* DATA:

:::

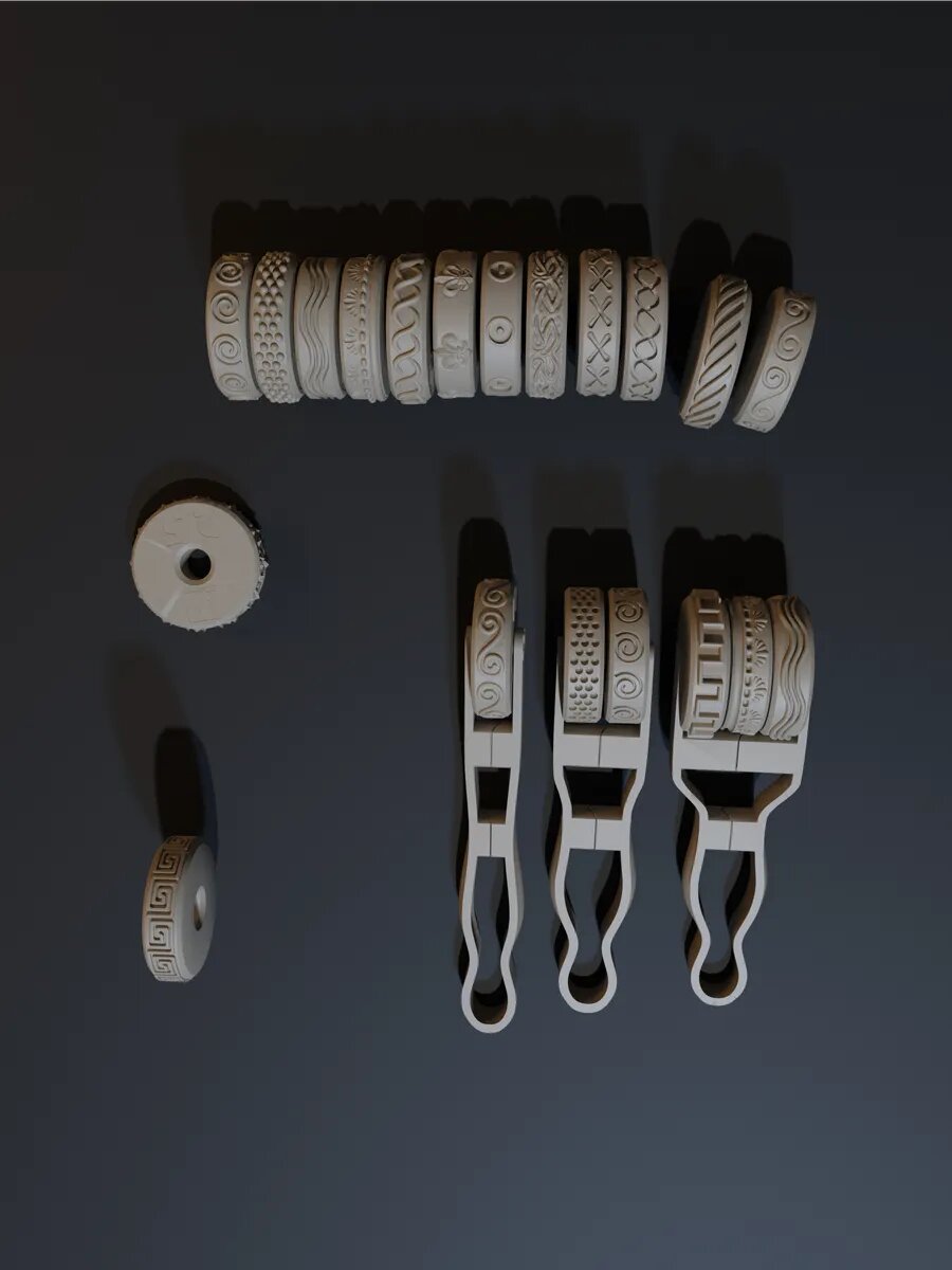 20 текстурных роликов для глины размером 40х11 мм. в комплекте с ручками интересное:
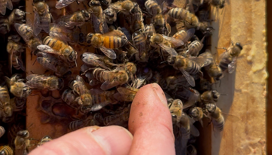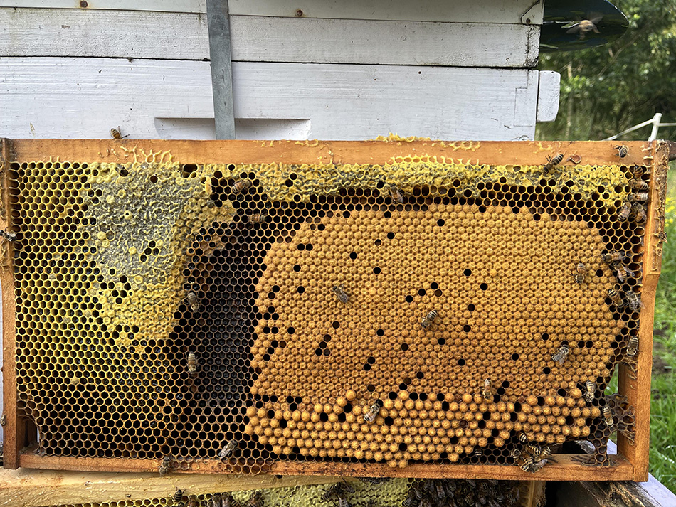 Figure 7. Hive 1 brood at 28 June 2025. Note they've removed brood behind the strip and this Carniolan queen is full speed ahead laying drones in Hunter Valley NSW winter.
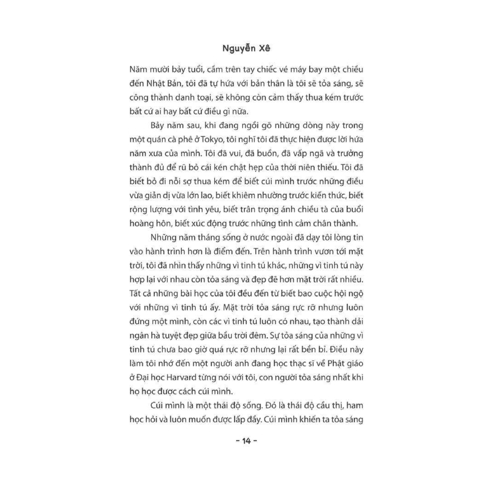 “Là một người trẻ lớn lên trong thời kỳ đất nước mới mở cửa và phát triển, tôi trưởng thành trong hệ thống trường chuyên lớp chọn và khát khao đổi đời của cha mẹ, nỗi sợ bị thua kém trong tôi đã từng lớn hơn bất cứ nỗi sợ nào tôi có trong đời. Năm mười bảy tuổi, cầm trên tay chiếc vé máy bay một chiều đến Nhật Bản, tôi đã tự hứa với bản thân là tôi sẽ tỏa sáng, sẽ công thành danh toại, sẽ không còn cảm thấy thua kém trước bất cứ ai hay bất cứ điều gì nữa”

:::

Pictures are to be left out, and each line from the one that contains "Figure 7. Hive" through the end of the listing is to be copied exactly.

 Figure 7. Hive 1 brood at 28 June 2025. Note they've removed brood behind the strip and this Carniolan queen is full speed ahead laying drones in Hunter Valley NSW winter.
 “Là một người trẻ lớn lên trong thời kỳ đất nước mới mở cửa và phát triển, tôi trưởng thành trong hệ thống trường chuyên lớp chọn và khát khao đổi đời của cha mẹ, nỗi sợ bị thua kém trong tôi đã từng lớn hơn bất cứ nỗi sợ nào tôi có trong đời. Năm mười bảy tuổi, cầm trên tay chiếc vé máy bay một chiều đến Nhật Bản, tôi đã tự hứa với bản thân là tôi sẽ tỏa sáng, sẽ công thành danh toại, sẽ không còn cảm thấy thua kém trước bất cứ ai hay bất cứ điều gì nữa”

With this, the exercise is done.